• **What is required**: Please give the lines below again exactly as they stand, from the one that contains "Пей известен своими" up to and including the one that contains "Connect with us", leaving all pictures out.

START Material for this task

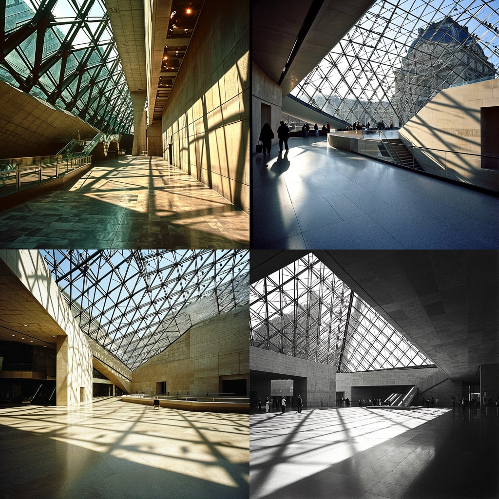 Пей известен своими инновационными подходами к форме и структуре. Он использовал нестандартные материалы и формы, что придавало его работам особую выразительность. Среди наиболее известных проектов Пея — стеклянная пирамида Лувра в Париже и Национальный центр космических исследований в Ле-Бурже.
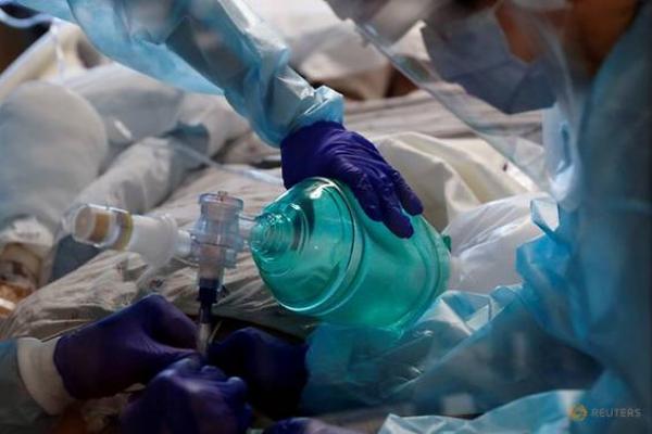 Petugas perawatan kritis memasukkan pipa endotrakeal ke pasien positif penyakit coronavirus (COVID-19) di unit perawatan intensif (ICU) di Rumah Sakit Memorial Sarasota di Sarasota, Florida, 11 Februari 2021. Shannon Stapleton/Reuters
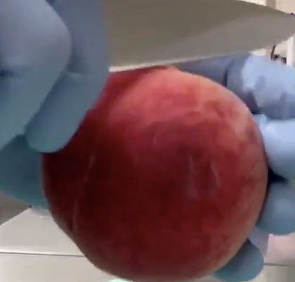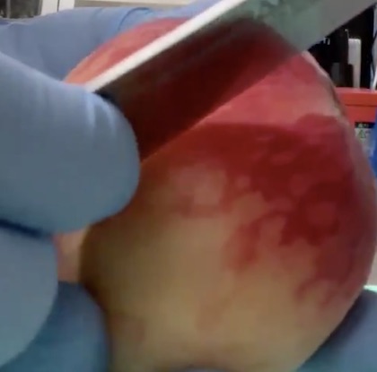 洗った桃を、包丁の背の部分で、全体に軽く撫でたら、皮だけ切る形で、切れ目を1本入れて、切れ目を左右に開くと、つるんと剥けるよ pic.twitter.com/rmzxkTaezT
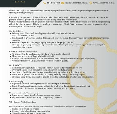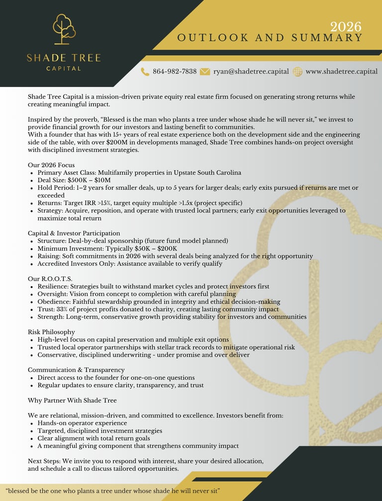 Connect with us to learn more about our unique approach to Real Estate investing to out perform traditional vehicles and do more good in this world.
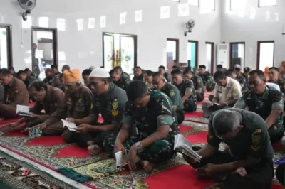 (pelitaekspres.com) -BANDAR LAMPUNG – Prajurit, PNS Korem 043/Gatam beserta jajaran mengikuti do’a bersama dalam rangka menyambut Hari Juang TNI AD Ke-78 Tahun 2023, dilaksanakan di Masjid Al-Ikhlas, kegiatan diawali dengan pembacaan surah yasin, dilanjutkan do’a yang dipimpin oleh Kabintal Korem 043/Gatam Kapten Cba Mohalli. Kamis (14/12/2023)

END Material for this task
START Material for this task

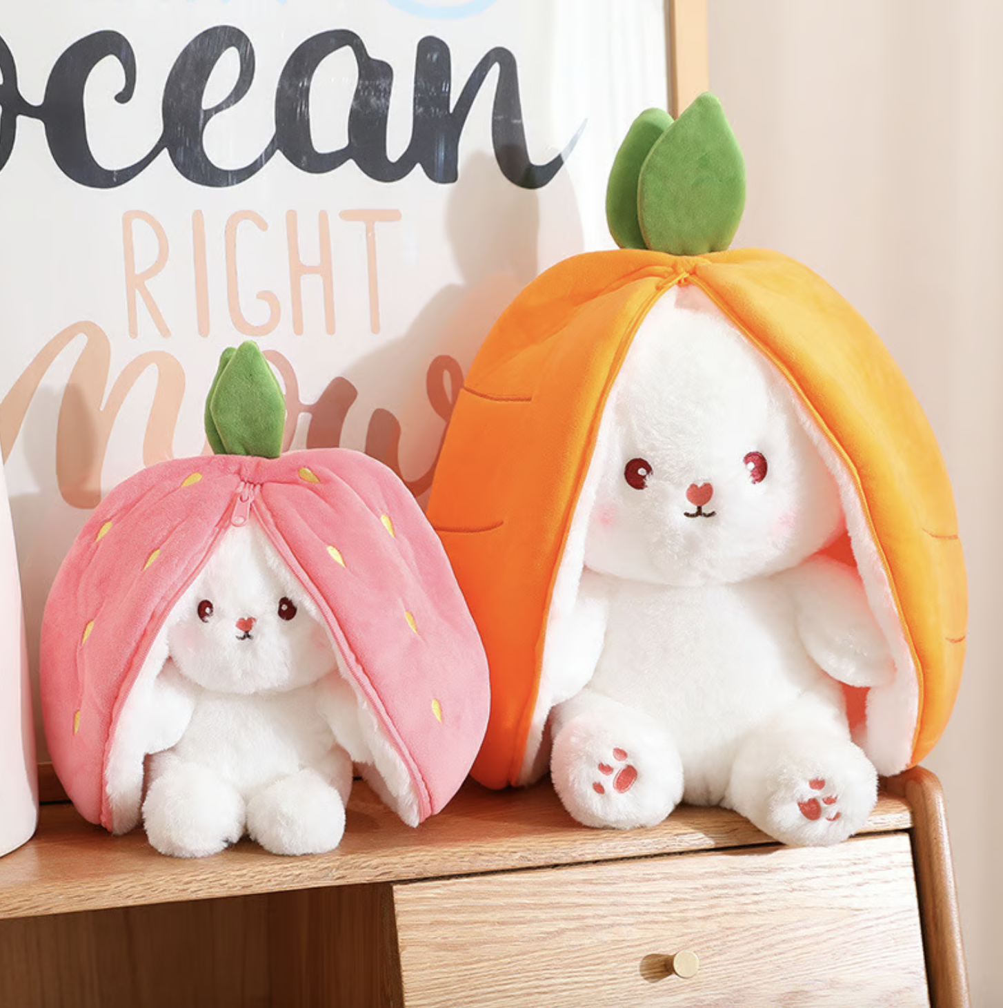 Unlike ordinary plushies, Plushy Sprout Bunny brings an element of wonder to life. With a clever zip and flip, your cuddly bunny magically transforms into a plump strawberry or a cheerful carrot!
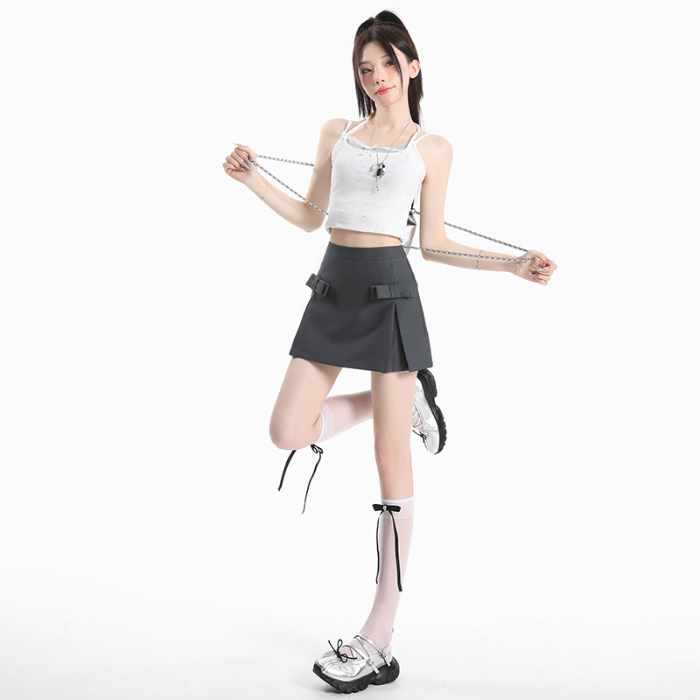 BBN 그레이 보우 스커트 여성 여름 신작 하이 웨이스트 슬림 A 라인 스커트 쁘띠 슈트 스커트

END Material for this task
START Material for this task

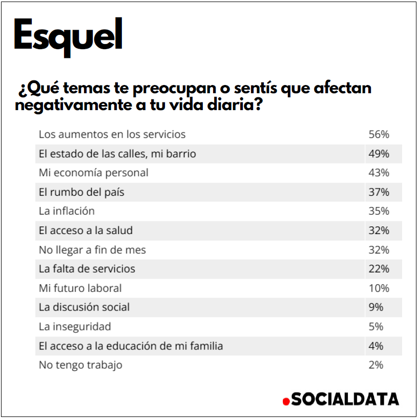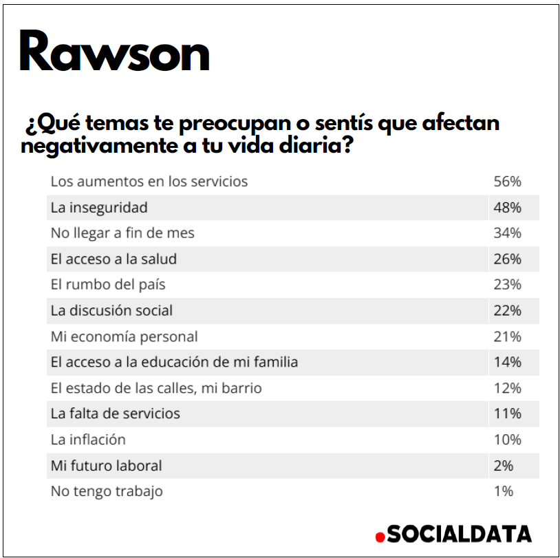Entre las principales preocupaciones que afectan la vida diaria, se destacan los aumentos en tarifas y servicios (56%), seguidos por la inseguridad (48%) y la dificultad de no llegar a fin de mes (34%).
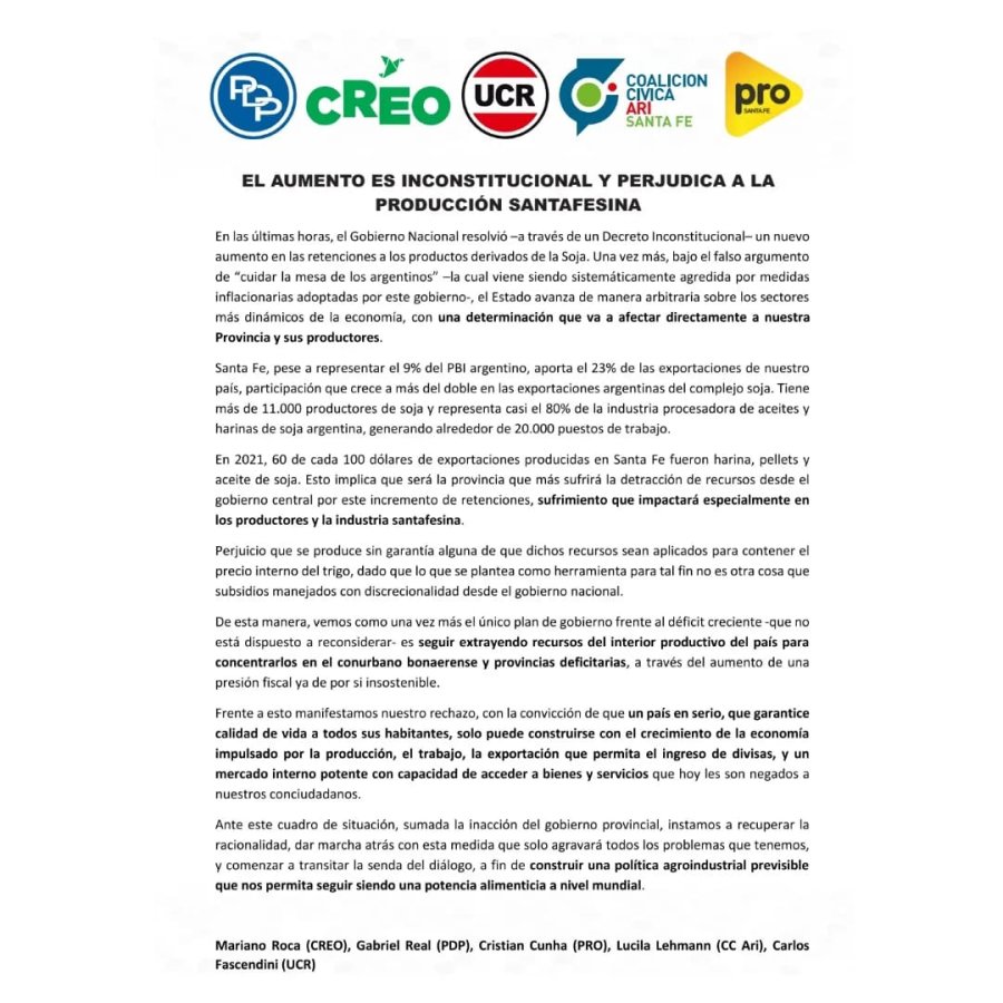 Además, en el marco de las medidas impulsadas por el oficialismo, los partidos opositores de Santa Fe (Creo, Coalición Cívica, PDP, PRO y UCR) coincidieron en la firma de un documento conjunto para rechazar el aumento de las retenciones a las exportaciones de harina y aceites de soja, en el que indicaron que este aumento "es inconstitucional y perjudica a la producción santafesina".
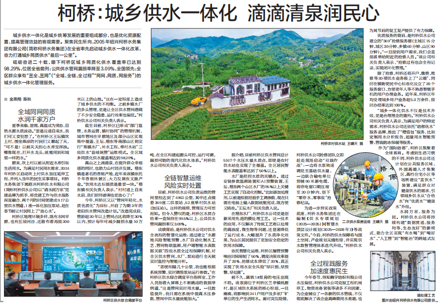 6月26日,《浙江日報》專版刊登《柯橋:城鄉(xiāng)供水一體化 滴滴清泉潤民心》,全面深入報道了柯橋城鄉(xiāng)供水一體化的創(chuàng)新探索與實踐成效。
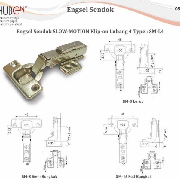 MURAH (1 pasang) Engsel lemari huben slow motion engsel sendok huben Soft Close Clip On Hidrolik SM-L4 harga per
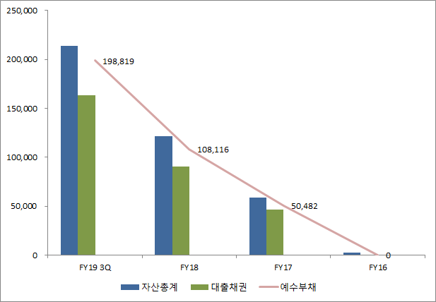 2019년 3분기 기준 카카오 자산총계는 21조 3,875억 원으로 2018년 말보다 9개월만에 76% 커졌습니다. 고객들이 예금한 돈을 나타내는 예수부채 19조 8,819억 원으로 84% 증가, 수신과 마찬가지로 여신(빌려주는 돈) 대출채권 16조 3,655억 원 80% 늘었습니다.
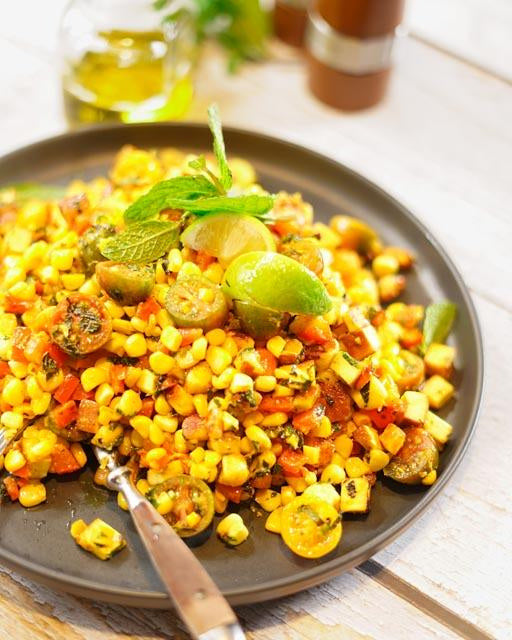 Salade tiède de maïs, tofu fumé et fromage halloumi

END Material for this task

• **Solution to this problem**:
 Пей известен своими инновационными подходами к форме и структуре. Он использовал нестандартные материалы и формы, что придавало его работам особую выразительность. Среди наиболее известных проектов Пея — стеклянная пирамида Лувра в Париже и Национальный центр космических исследований в Ле-Бурже.
 Petugas perawatan kritis memasukkan pipa endotrakeal ke pasien positif penyakit coronavirus (COVID-19) di unit perawatan intensif (ICU) di Rumah Sakit Memorial Sarasota di Sarasota, Florida, 11 Februari 2021. Shannon Stapleton/Reuters
 洗った桃を、包丁の背の部分で、全体に軽く撫でたら、皮だけ切る形で、切れ目を1本入れて、切れ目を左右に開くと、つるんと剥けるよ pic.twitter.com/rmzxkTaezT
 Connect with us to learn more about our unique approach to Real Estate investing to out perform traditional vehicles and do more good in this world.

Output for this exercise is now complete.